- North American cover art
- Developer: SETA
- Publisher: SETA
- Designer: Mitsuhiro Takeda
- Composers: Masanao Akahori H.Nakayama
- Series: Exhaust Heat
- Platform: Super Nintendo Entertainment System
- Release: JP: March 5, 1993; NA: July 1994;
- Genre: Racing
- Mode: Single-player

= F1 ROC II: Race of Champions =

1993 video game

F1 ROC II: Race of Champions, originally released in Japan as Exhaust Heat II (エキゾースト・ヒートII), is a 1993 racing video game developed and published by SETA Corporation for the Super Nintendo Entertainment System. It is the sequel to F1 ROC: Race of Champions, and similarly features Formula One licensing.

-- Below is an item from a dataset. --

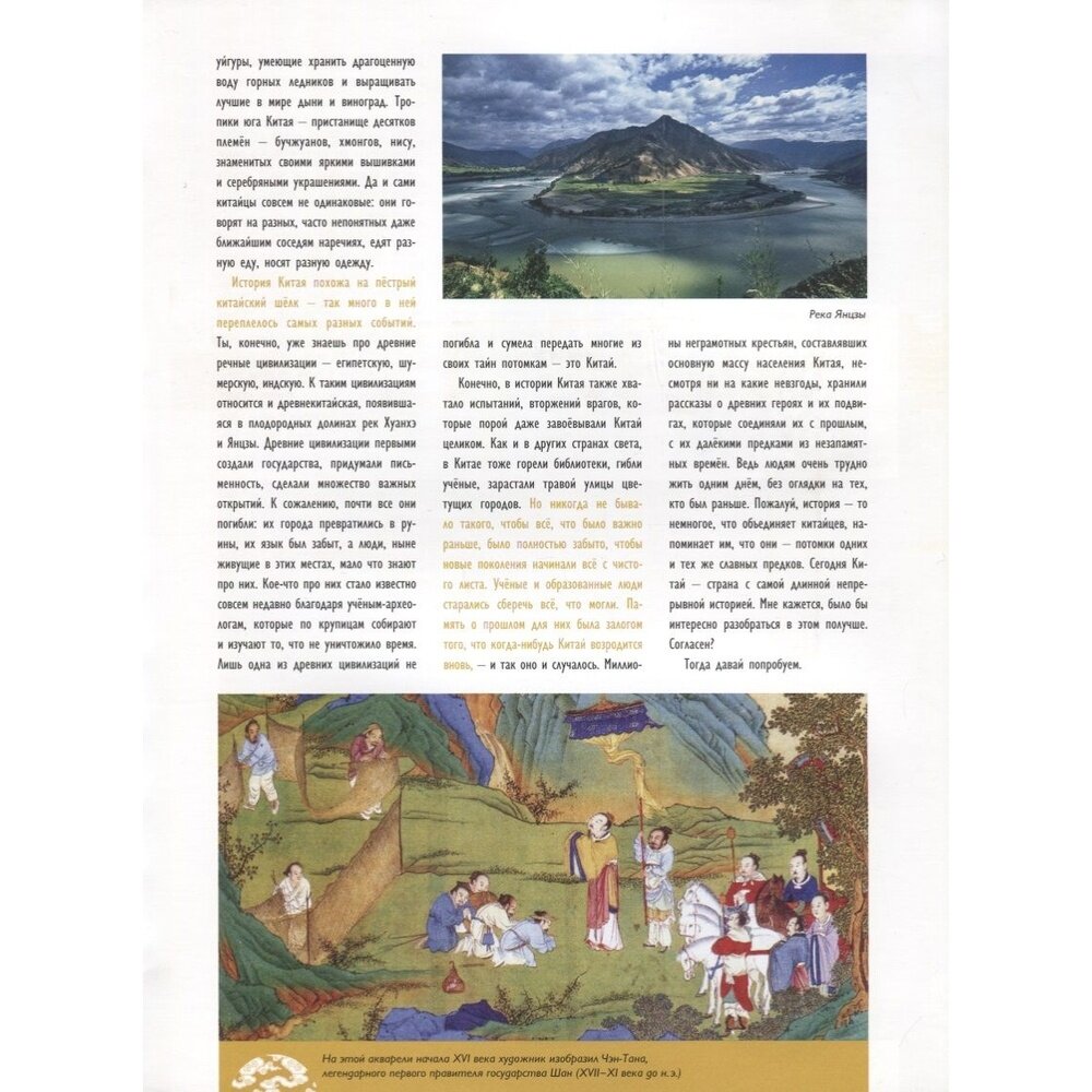 Перед вами действительно уникальная книга - вся история Древнего Китая под одной обложкой: как она началась 40 тысяч лет назад появлением в Китае человека разумного и как завершилась в III веке нашей эры падением империи Хань. Её написал специалист по истории Китая - Сергей Викторович Дмитриев. "История Китая похожа на пёстрый китайский шёлк - так много в ней переплелось самых разных событий", - так начинает свою книгу автор. И в этом вы можете убедиться с первых же глав: на ваших глазах оживут боги древних мифов, заговорят иероглифы, начнут смертельную схватку древние царства, императоры отправят в путь экспедиции в поисках бессмертия. В этой книге каждый читатель найдёт главу по душе. Кому-то будет интересно, как возникали и распадались империи, как боролись за власть претенденты на престол и что ждало победителей. Другого увлечёт рассказ о повседневной жизни древности: о том, что ели и во что одевались люди, где учились и во что играли, как отмечали праздники и провожали в последний путь умерших. Как и положено детской энциклопедии. текст сопровождают иллюстрации: одни - репродукции произведений древнего искусства, другие - реконструкции быта и повседневной жизни Китая, наконец, третьи - комиксы, придуманные художником Надеждой Давыдовой. Благодаря этим комиксам даже самые сложные повороты китайской истории покажутся читателем увлекательным приключениям и запомнятся без труда.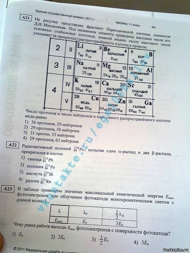 Реальный вариант №1 (04-10) ЕГЭ по Физике 2011

Unlike that game, F1 ROC II was not released in Europe.

==Gameplay==

Moon City, the first track of F1 ROC II.

Gameplay is mostly like the first F1 ROC, though this game features a new system of handling that greatly resembles later F-ZERO games; normal turning is 'ice'-like, and tapping the accelerator (referred to as 'boost turning' in F-ZERO) corrects the vehicle.

The game's career structure is no longer simply a Formula One season, and is now similar to games like the PC Engine version of F1 Dream or Formula One: Built to Win; starting from smaller local races, one progresses through the Group C division, Formula 3000, and finally Formula One.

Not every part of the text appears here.